Lockheed Martin [LMT] has received a more than $847 million contract for long-lead items for 105 F-35s in Lot 17 of the fighter buy.
On Dec. 29, Naval Air Systems Command (NAVAIR) awarded the company the long-lead contract through May 2026 for the U.S. Air Force F-35A, Marine Corps F-35B, Navy F-35C, and foreign F-35s. The company is to perform more than half the work–57 percent–in Fort Worth, Texas, 14 percent in El Segundo, Calif,, nine percent in Warton, England, four percent in Orlando, Fla., four percent in Cameri, Italy; three percent in Nashua, N.H.; three percent in Baltimore; two percent in San Diego; two percent in Nagoya, Japan; and two percent at other locations outside the continental United States.
A year earlier, on Dec. 30, 2020, NAVAIR awarded Lockheed Martin a $904 million
Lot 16 long-lead contract for 133 F-35s (Defense Daily, Jan. 8, 2021).

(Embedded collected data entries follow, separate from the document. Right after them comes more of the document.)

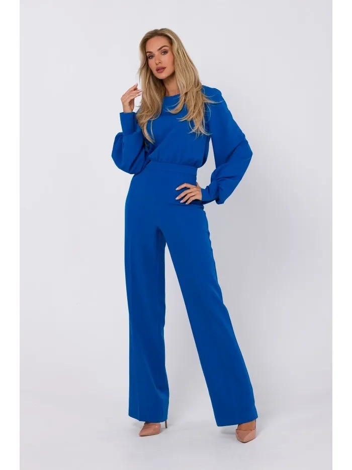 Ten kombinezon w kolorze niebieskim to wyraz elegancji i komfortu, stworzony z myślą o kobietach, które pragną wyjątkowej stylizacji. Wykonany z wysokiej jakości tkaniny, ten kombinezon jest połączeniem klasycznego wzornictwa z nowoczesnym designem. Bufiaste rękawy z mankietami, zapinanymi na dwa oblekane guziki, nadają kombinezonowi unikalny, modny charakter, podkreślając jednocześnie elegancję całej stylizacji. Okrągły dekolt pod szyję dodaje mu subtelności i kobiecego wdzięku. Z tyłu kombinezon jest zapinany na oblekane guziki i kryty zamek, co zapewnia łatwe zakładanie i zdejmowanie, jednocześnie zachowując elegancki wygląd. Długie nogawki z kantem, poszerzanym ku dołowi, dodają lekkości i swobody ruchom, co sprawia, że kombinezon jest idealny na wiele okazji. Bez podszewki, ten kombinezon jest lekki i przewiewny, zapewniając komfort noszenia przez cały dzień. Zaprojektowany i uszyty z dbałością o każdy detal w Polsce, nasz kombinezon to połączenie lokalnej produkcji z najwyższą jakością wykonania.
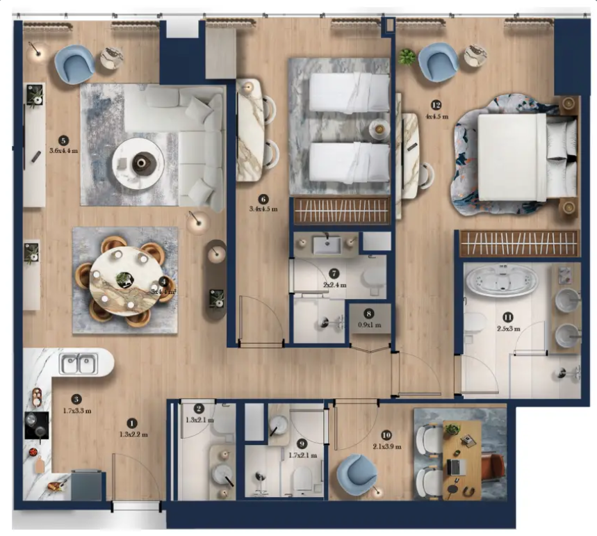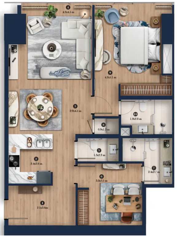 各住居は、ヒルトンブランドのシグネチャーエレガンスと日常の贅沢を体現するデザインが施されています。現代的な仕上げ、広々とした居住空間、洗練されたマテリアルパレットを特徴とする、よく設計されたレイアウトを採用しています。アパートメントは家具なしでの引き渡しとなりますが、高品質な現代的仕上げが施されており、ヒルトンにインスパイアされた快適性・機能性・時代を超えた魅力のデザイン原則を活かしながら、住居を個性豊かにカスタマイズすることができます。
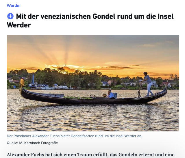 Unsere Gondel begeistert nicht nur auf dem Wasser, sondern ist auch ein gefragtes Motiv für Film und Fernsehen. Entdecke hier eine Auswahl an Reportagen und TV-Beiträgen über Alexander Fuchs und die traditionelle Kunst des venezianischen Ruderns in Berlin und Brandenburg.
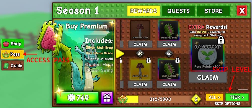 As you progress through the battle pass in Grow a Garden, you will earn Pass Points. Remember, the season pass quests are the only way to obtain them. Once you have Pass Points, you can spend them in the Grow a Garden Season Pass store. You can click the store button within the pass to access it.
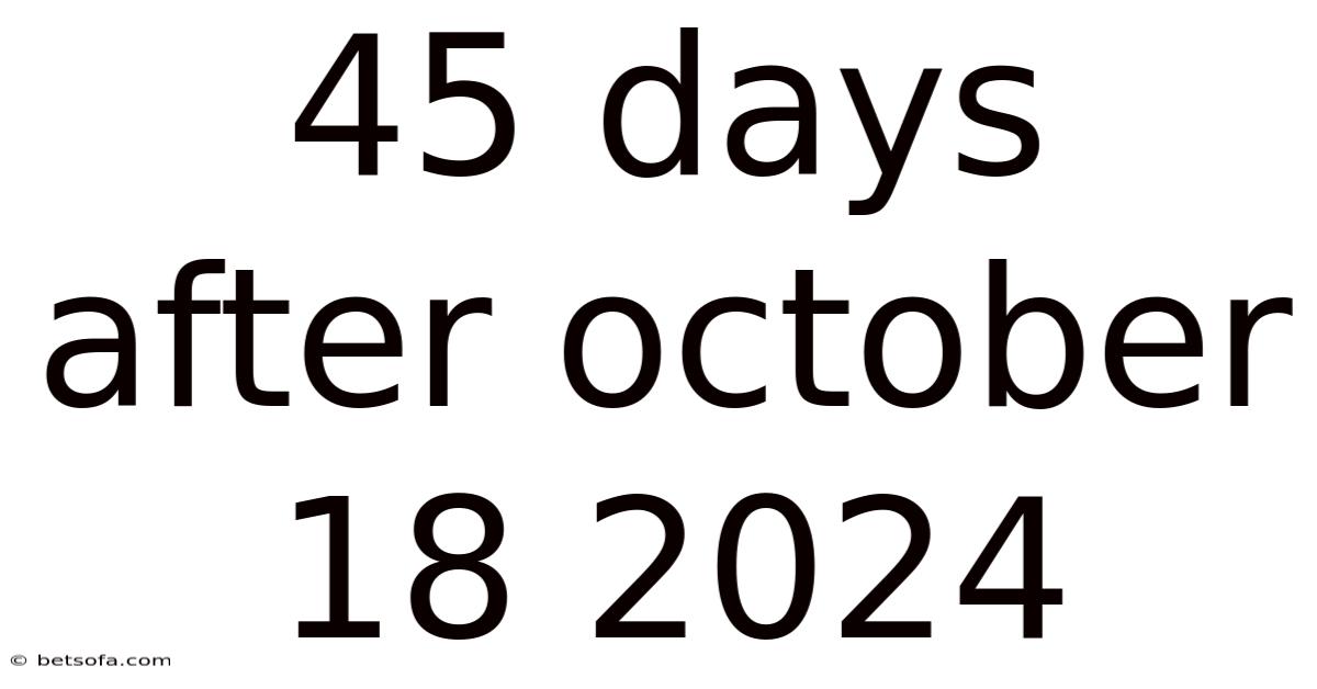 When youhear the phrase 45 days after october 18 2024, the first thing most people wonder is: what exact date does that land on, and why does it matter? This question isn’t just about a calendar calculation; it’s a gateway to planning projects, setting deadlines, and understanding how time intervals shape our schedules. In this article we’ll unpack the meaning behind those 45 days, walk through the math step‑by‑step, explore real‑world uses, and answer the most common queries that arise when dealing with date arithmetic. By the end, you’ll have a crystal‑clear picture of how 45 days after october 18 2024 fits into any timeline you’re building That's the part that actually makes a difference..
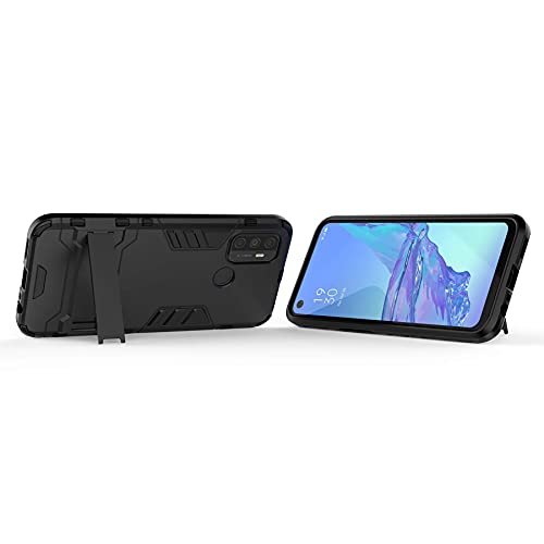 Tianyan Cover Oppo A53 / Oppo A53s,360 Gradi Full Body Silicone Gel TPU e PC Dual Layer Armor Antiurto Cover con Supporto Pieghevole Nascosto Protezione Custodia per Oppo A53 / A53s,Nero

Air Force Secretary Frank Kendall, who spearheaded a two-year production pause for the F-35B as Pentagon acquisition chief during the Obama administration, has said that he intends to recommend ways to reduce sustainment costs for the F-35A.
The Lot 17 long-lead contract comes as the F-35 Joint Program Office and the Lockheed Martin-led industry team hope to move forward on a rebaselined program that is to deliver between 133 and 156 planes in the coming years (Defense Daily, Sept. 27, 2021).
The rebaselining “ensures predictability and stability in the production process while recovering the aircraft shortfall realized over the last year during the COVID-19 pandemic,” Lockheed Martin said last September.
“With this agreement, Lockheed Martin is scheduled to deliver 133-139 aircraft this year, 151-153 aircraft in 2022 and anticipates delivering 156 aircraft beginning in 2023 and for the foreseeable future,” the company said.
Three days before Lockheed Martin and DoD announced the re-baselining last September, NAVAIR awarded the company a $1 billion contract under Lot 16 to build 10 F-35As and six F-35Bs.